Improved Left Ventricular Aneurysm Repair with Cell- and Cytokine-Seeded Collagen Patches

• Main Authors: Hui Qu, Bao-dong Xie, Jian Wu, Bo Lv, Jun-bo Chuai, Jian-zhong Li, Jun Cai, Hua Wu, Shu-lin Jiang, Xiao-ping Leng, Kai Kang
• Format: Article
• Language: English
• Published: Hindawi Limited 2018-01-01
• Series: Stem Cells International
• Online Access: http://dx.doi.org/10.1155/2018/4717802

Background. Engineered heart tissues (EHTs) present a promising alternative to current materials for surgical ventricular restoration (SVR); however, the clinical application remains limited by inadequate vascularization postimplantation. Moreover, a suitable and economic animal model for primary screening is another important issue. Methods. Recently, we used 1-ethyl-3-(3-dimethylaminopropyl)carbodiimide hydrochloride chemistry (EDC) to initiate a strengthened, cytokine-conjugated collagenous platform with a controlled degradation speed. In vitro, the biomaterial exhibited an enhanced mechanical strength maintaining a porous ultrastructure, and the constant release of cytokines promoted the proliferation of seeded human mesenchymal stem cells (hMSCs).
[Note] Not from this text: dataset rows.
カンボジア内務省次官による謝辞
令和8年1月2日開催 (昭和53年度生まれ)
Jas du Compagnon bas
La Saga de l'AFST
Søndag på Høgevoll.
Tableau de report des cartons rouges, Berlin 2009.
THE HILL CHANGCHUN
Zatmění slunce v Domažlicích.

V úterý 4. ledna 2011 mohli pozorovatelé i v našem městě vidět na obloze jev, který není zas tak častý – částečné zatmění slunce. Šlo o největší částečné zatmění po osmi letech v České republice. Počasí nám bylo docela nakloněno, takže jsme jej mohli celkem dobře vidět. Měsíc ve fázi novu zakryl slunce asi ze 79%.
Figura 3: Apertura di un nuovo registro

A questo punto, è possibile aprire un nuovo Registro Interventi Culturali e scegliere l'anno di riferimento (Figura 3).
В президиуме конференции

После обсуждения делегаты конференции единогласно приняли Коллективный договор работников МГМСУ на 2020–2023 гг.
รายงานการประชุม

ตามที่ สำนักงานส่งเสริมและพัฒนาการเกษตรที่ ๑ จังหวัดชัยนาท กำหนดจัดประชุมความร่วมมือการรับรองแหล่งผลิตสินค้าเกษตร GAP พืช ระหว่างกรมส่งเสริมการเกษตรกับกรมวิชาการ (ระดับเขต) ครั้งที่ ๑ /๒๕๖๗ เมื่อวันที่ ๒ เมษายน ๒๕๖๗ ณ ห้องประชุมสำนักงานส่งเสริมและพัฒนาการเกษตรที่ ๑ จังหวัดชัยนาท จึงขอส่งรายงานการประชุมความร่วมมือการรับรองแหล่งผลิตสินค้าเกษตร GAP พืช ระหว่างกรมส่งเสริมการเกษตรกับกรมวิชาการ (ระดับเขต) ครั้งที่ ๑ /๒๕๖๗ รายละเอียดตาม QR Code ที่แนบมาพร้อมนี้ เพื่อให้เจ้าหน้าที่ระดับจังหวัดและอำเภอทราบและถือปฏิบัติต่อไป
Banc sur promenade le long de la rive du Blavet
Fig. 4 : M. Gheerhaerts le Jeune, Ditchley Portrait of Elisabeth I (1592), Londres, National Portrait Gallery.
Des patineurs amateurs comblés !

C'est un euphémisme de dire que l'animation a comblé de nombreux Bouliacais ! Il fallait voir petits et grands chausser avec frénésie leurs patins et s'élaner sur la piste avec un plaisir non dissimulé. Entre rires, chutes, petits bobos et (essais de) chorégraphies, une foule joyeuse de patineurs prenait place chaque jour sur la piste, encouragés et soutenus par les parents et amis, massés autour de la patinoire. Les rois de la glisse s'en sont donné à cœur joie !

In vivo, with the hMSC-seeded, cytokine-immobilized patch (MSCs + GF patch), we performed modified SVR for rats with left ventricular aneurysm postmyocardial infarction (MI). Overall, the rats that underwent modified SVR lost less blood and had lower mortality. After 4 weeks, the rats repaired with this cell-seeded, cytokine-immobilized patch presented preserved cardiac function, beneficial morphology, enhanced cell infiltration, and functional vessel formation compared with the cytokine-free (MSC patch), cell-free (GF patch), or blank controls (EDC patch). Furthermore, the degradable period of the collagen patch in vivo extended up to 3 months after EDC treatment. Conclusions. EDC may substantially modify collagen scaffold and provide a promising and practical biomaterial for SVR.